Source data
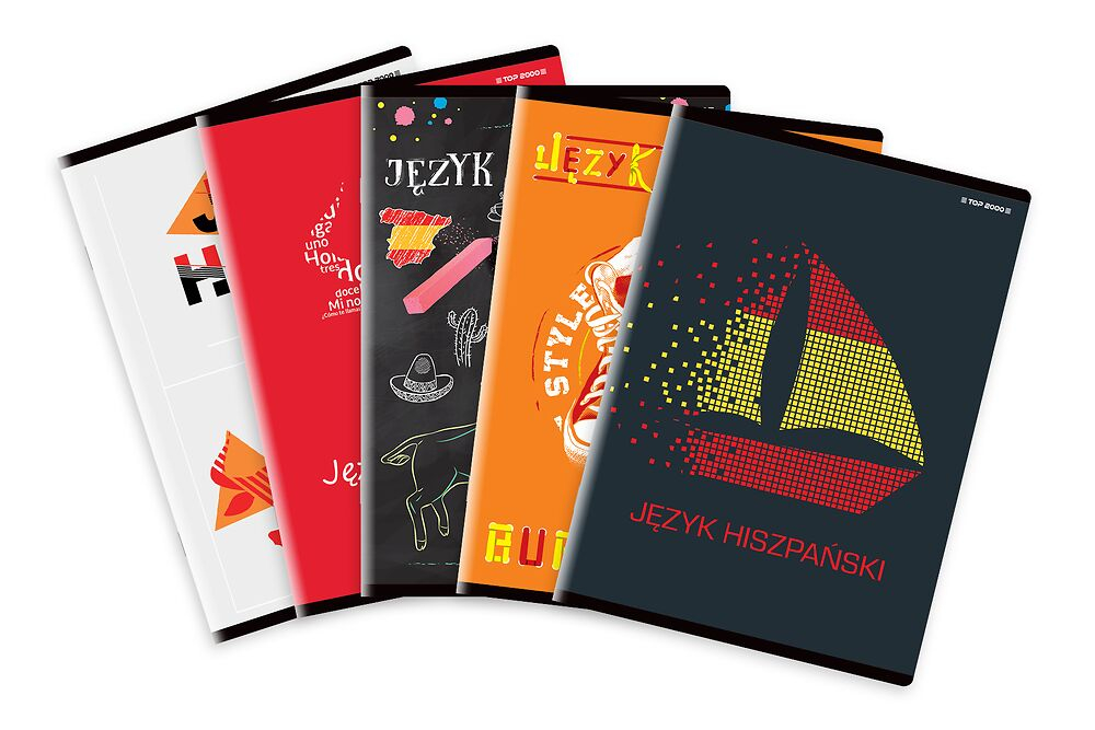 Zeszyty z kolekcji przedmiotowej serii Standard. Dedykowane do języka hiszpańskiego. Miękkie, laminowane, kartonowe okładki z pięcioma różnyim grafikami do wyboru.
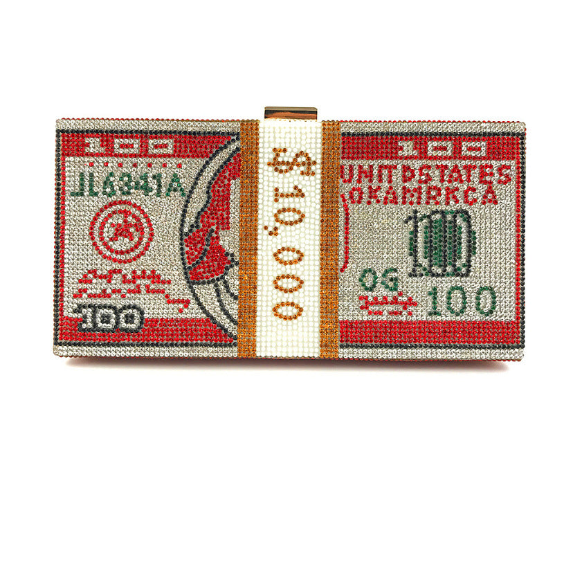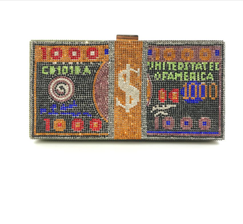 Women Crystal Diamond Cash Dollars Clutch Purses Chain Handbags
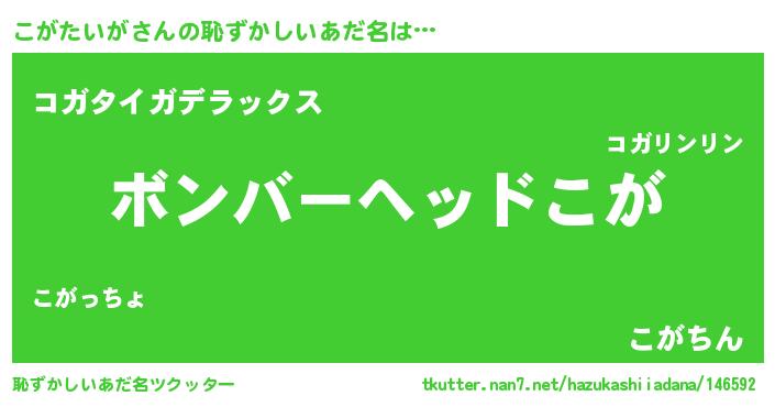 | ヘコむあだ名 | 『こがたいが(爆)』『こがっちょ』 |
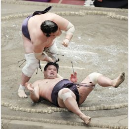 相手はこれまで12勝3敗と合口のいい妙義龍。まわしこそ取らせてもらえなかったものの、腕をきめて左手で小手投げ。つんのめりながら踏ん張る妙義龍の頭部を押さえ込み、土俵に転がした。
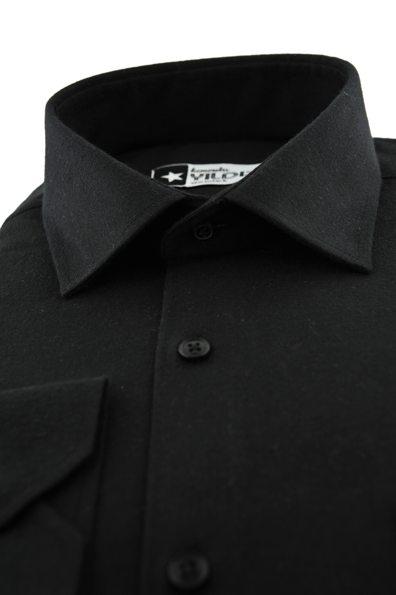Black One Pocket Unbuttoned Collar Classic Cut Winter Cotton Men's Shirt
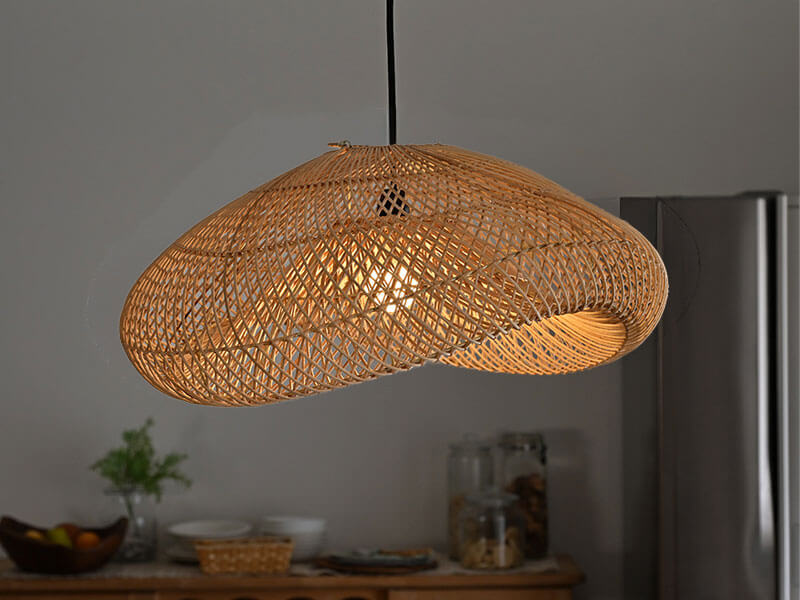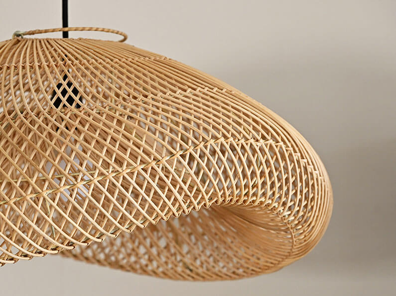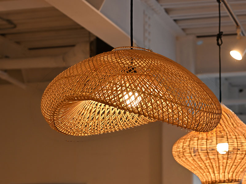 天然素材ラタンのランプシェード。通気性が良くしなやかなラタンの特性を生かしたランプシェードです。

◆ **To do**:
Do not copy pictures. Restate exactly the lines from the one containing "Black One Pocket" through the last line of the records.

◆ **Solution to this problem**:
Black One Pocket Unbuttoned Collar Classic Cut Winter Cotton Men's Shirt
 天然素材ラタンのランプシェード。通気性が良くしなやかなラタンの特性を生かしたランプシェードです。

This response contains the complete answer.